Closer to home for educators is the case of Head Start. The earliest federally sponsored analysis—a non-randomized trial done by Ohio State and Westinghouse Learning Corporation in the late 1960s—produced evidence that the program’s impact was negative, not positive. But subsequent studies have found the original analysis was flawed, miscalculating what would have happened to Head Start children in the absence of the program.

So powerful are these examples that, in the arenas of medicine, social work, and elsewhere, some eminent scholars have come to believe that it is unethical to rely on non-randomized trials when the evidence gleaned will be used to inform policy and practice. Governments, too, increasingly subscribe to this world view, and as a consequence, a number of countries have initiated serious efforts to improve the evidence used in constructing evidence-based policy.

Mounting evidence
In this country, the U.S. Department of Education’s What Works Clearinghouse (WWC) was established in 2002 to review evidence on the effectiveness of branded education programs and curricula. Standards at the Clearinghouse are scientific and high. The WWC rounds up all the studies that have focused on a particular program—say, a much-heralded math curriculum—and conducts a systematic review of those studies to determine what we can claim with confidence about the curriculum’s effectiveness. For teachers, school administrators, policymakers, researchers, and the public, it provides a central source of scientific evidence of what works in education based on dependable evidence as opposed to the fragmentary and untrustworthy evidence we have settled for all too often.

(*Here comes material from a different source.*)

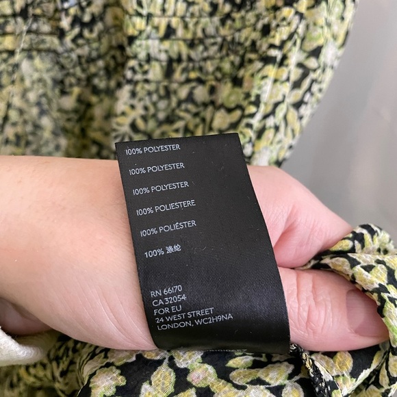 **Ruffle neck with tie **Fabric covered buttons **Yoked shoulders **Ruffled elastic at wrist sleeves
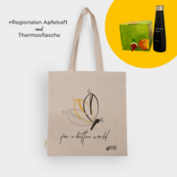 Der Bio-Apfelsaft aus selbst gepflückten Äpfeln wurde dabei nicht einzeln verkauft, sondern gemeinsam mit einer Bio-Baumwolltasche und einer BAUR-Thermoflasche als Nachhaltigkeitspaket. Das Design der Bio-Baumwolltasche spiegelt den Nachhaltigkeitsgedanken wider und das Design wurde von einem unserer Mitarbeiter entworfen. Der Erlös aus dem Verkauf des Nachhaltigkeitspakets wird an den Gartenbauverein in Lichtenfels gespendet.

Governments in other countries are also investing substantially in organizations that screen studies for their quality. They then disseminate the results of those assessments to people with a need to know—including politicians, teachers, and parents. Among others, the United Kingdom, Canada, the Netherlands, Belgium, Israel, the Nordic countries, and China have explored efforts to create such organizations and moreover to learn about how to design and execute RFTs.

Less industrialized countries are also in the game. In Mexico, Kenya, and India, for instance, high-quality randomized field trials are being mounted to understand how to reduce school drop-out rates. For such countries—where resources are scarce and needs abundant—the importance of accurate information is vital and a reliable understanding of what works critical to human capital development.

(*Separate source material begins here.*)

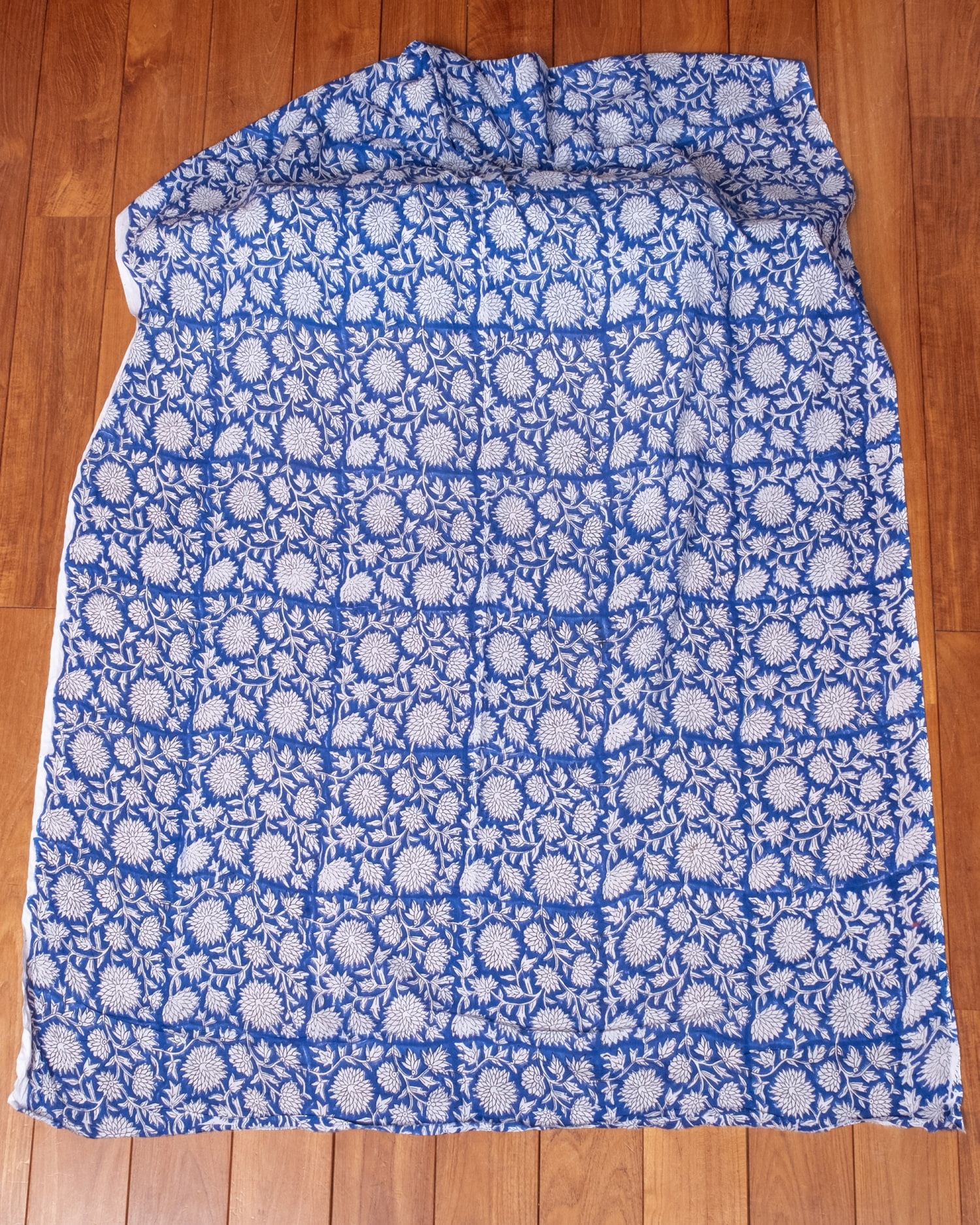木版染めとは、ウッドブロック(木版)を用いて一つ一つ模様を染めこんだ優雅で贅沢な仕上がりの布です。大量生産には向かない、非常に時間のかかる丁寧な手仕事の賜物といえます。インドは美しい布の宝庫ですが、その中でも特に素敵な一枚に仕上がっています。ハンドメイドのウッドブロックプリントにしか出せない、独特のムラがありとても雰囲気があります。

Mexico’s Progresa program stands out as one of the great milestones in evaluating international development. Launched in 1997, the program pays a subsidy to poor mothers in rural villages to send their children to school and take them to the doctor. The idea is to stem the country’s shockingly high drop-out rate, and all indications are that the strategy works. An interesting idea, certainly, but what may be the program’s most lasting contribution to the field is that, unlike so many international aid efforts, it has undergone rigorous scientific testing.

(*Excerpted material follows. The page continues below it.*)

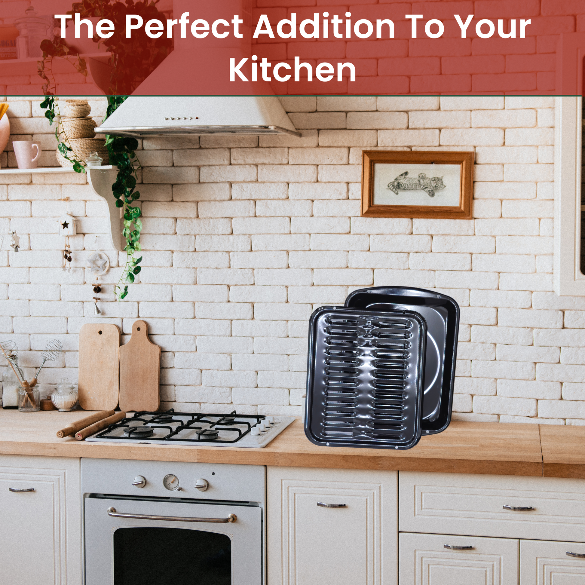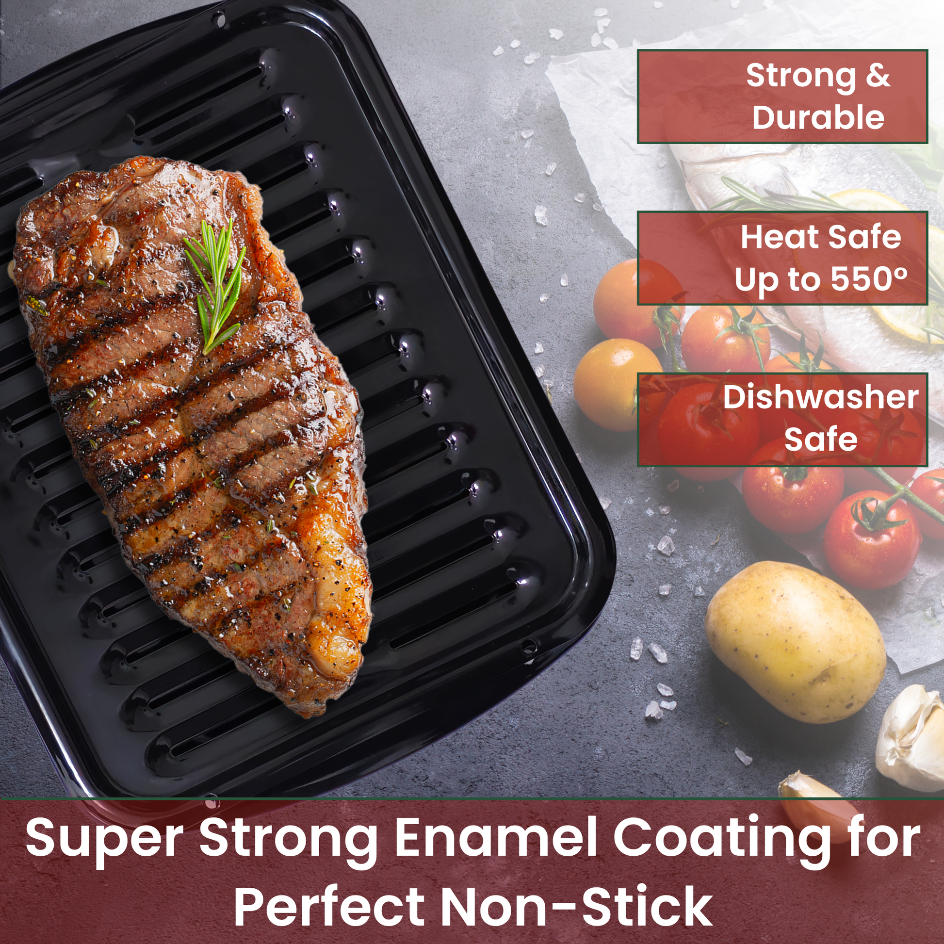 Broiler Pan for Oven Nonstick 16.6” x 12.75” Porcelain Coated - Withstands Heat up to 550 F

The Progresa program was designed in response to the large number of poor Mexican children—some 45 percent of rural students—abandoning school to contribute to the family income by working in the fields. Those drop-outs represented an enormous loss in human capital over many decades. In 2000, the program cost the Mexican government $1 billion to reach 2.5 million rural families, about a ninth of all families in the country.
At those prices, the Mexicans couldn’t really afford to cross their fingers and hope that Progresa worked. Its phased-in design gave the Mexicans an opportunity to conduct a controlled experiment, randomly assigning 320 villages to the program 20 months earlier than the control group of 186 villages. The results were impressive: transitions to secondary school increased by nearly 20 percent, with child employment rates declining by about 15 percent.
With high-quality evidence of Progresa’s effectiveness to bolster their cause, advocates of the program succeeded in preserving it after a change in administration. Indeed, when he came into office, Vicente Fox expanded the program. Renamed Oportunidades, it retained its main elements but was exported into urban Mexico—all with the help of a $1 billion loan from the Inter-American Development Bank.
Thinking globally
In the United States, the Institute of Education Sciences has been remarkable in providing funding for high-quality control trials, with well over 50 universities and non-profit research organizations conducting them. Again, other industrialized countries are following suit, as are a number of the less developed nations—partly at the urging of the World Bank, which recently has developed the courage to do so.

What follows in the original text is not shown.